Spencinar #6: The Galvin-Prikry Theorem

Today Zach Norwood talked about the Galvin-Prikry Theorem.

Prerequisites: basic topology, notions of category, familiarity with Ramsey theory is helpful for motivation. Last week's Spencinar post will be referenced occasionally but only in inessential remarks.

The Galvin-Prikry Theorem is a Ramsey result that is perhaps surprising because it is an example of an "infinite exponent" partition property. This means it deals with colorings of infinite subsets of the underlying space.
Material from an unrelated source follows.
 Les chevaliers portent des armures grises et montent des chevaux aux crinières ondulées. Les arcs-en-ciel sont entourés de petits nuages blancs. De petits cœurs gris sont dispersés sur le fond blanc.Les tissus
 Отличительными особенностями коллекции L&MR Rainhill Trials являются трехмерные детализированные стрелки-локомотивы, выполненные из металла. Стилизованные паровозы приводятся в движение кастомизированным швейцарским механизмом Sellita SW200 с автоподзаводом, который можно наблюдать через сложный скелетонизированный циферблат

With the Axiom of Choice, none of the usual partition relations hold with infinite exponents.

The Galvin-Prikry Theorem gets around this by only worrying about definable partitions of $[\omega^\omega]$. In order to state the theorem, let's make some definitions:

Definition: $Y\subseteq [\omega]^\omega$ is Ramsey if there is $A\in [\omega]^\omega$ with $[A]^\omega\subseteq Y$ or $A^\omega\subseteq Y^c$. (Here $Y^c$ is the complement of $Y$.) I'll informally say that $A$ in the first case is $Y$-homogeneous and $A$ in the second case is $Y^c$-homogeneous.

$Y$ can also be thought of as a coloring $[\omega]^\omega\rightarrow 2$. As in last week's post, we think of $[X]^\omega$ as the set of all increasing infinite sequences of $X$, or sometimes in a slight abuse of notation as the set of infinite subsets of $X$.
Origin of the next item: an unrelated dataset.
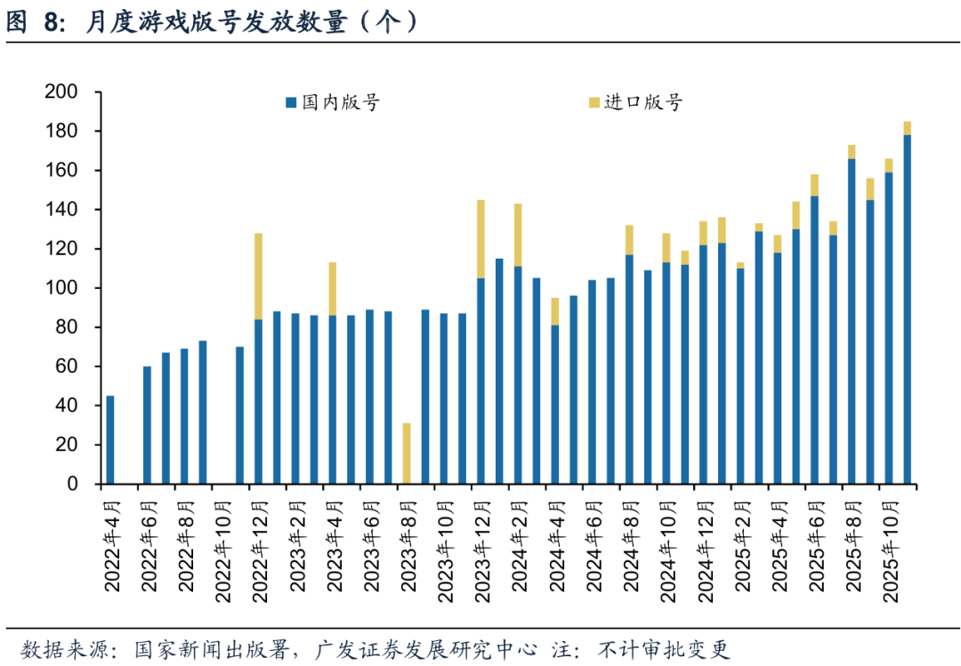 版号发放稳定,月度发放数量提升。2024年以来,国内游戏版号发放数量有所提升,该趋势在2025年得到了延续。根据国家新闻出版署,2025年11月,国产游戏版号月度发放数量达到178款,发放数量进一步提升。进口版号发放频次增加,每月稳定发放。我们认为,版号总体发放节奏稳定、发放数量持续提升,有利于提振行业信心。
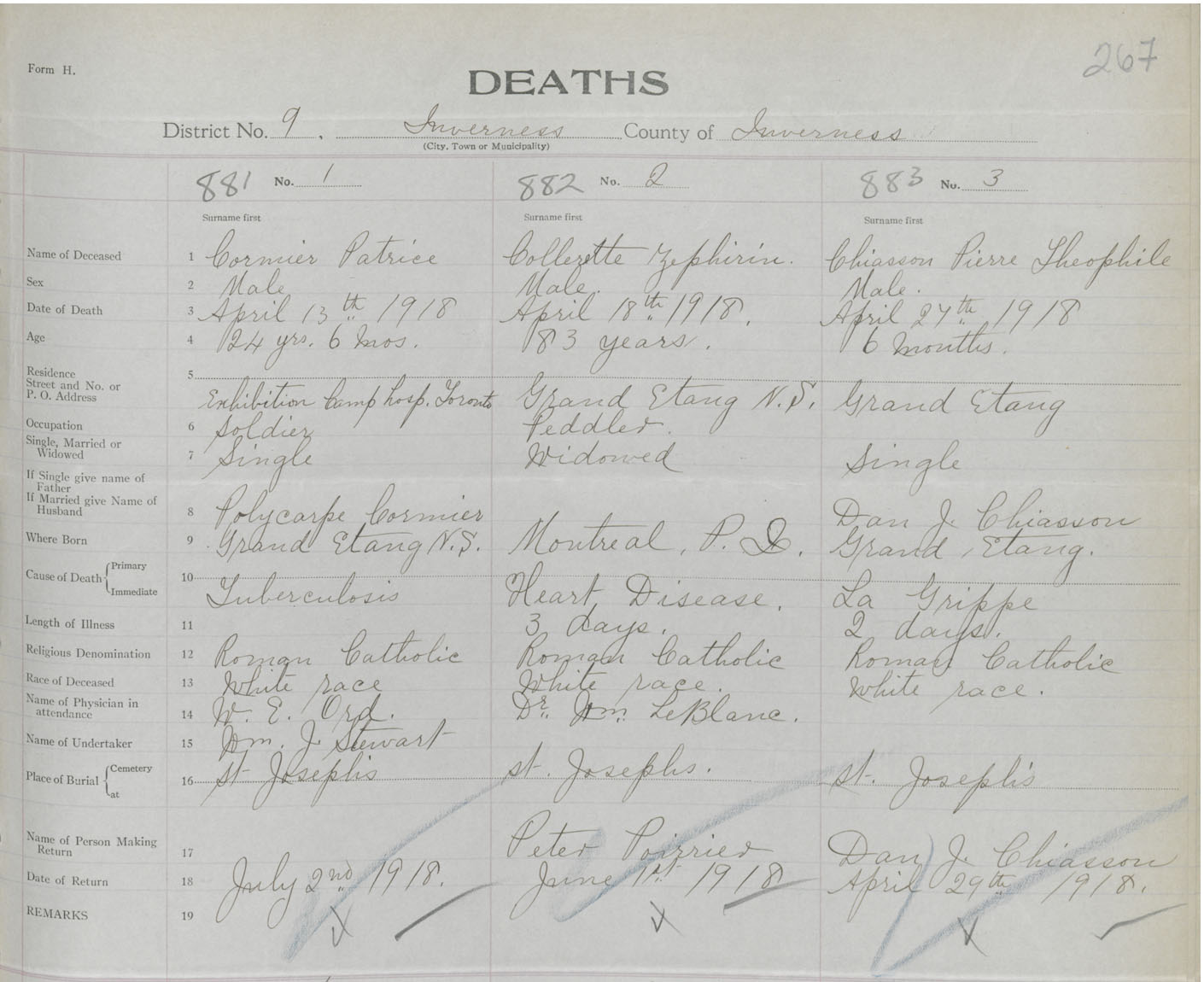Death Registration: Year: 1918 book: 43 page: 267 number: 881

Galvin-Prikry Theorem: If $Y$ is Borel, then $Y$ is Ramsey.

Here the topology on $Y$ is generated by sets of the form $\{X: x \textrm{ is an initial segment of }X\}$. The proof, originally due to Ellentuck, will actually go through a finer topology which is more suited to the situation at hand. Notice the similarity with the Mathias forcing from last week. 

Definition: The Ellentuck topology is generated by sets of the form 

$$[s,B]^\omega:=\{X\in [\omega]^\omega: s \textrm{ is an initial segment of } X, x\setminus s\subseteq B\},$$

where $s\in [\omega]^{<\omega}$ and $B\in [\omega]^\omega$.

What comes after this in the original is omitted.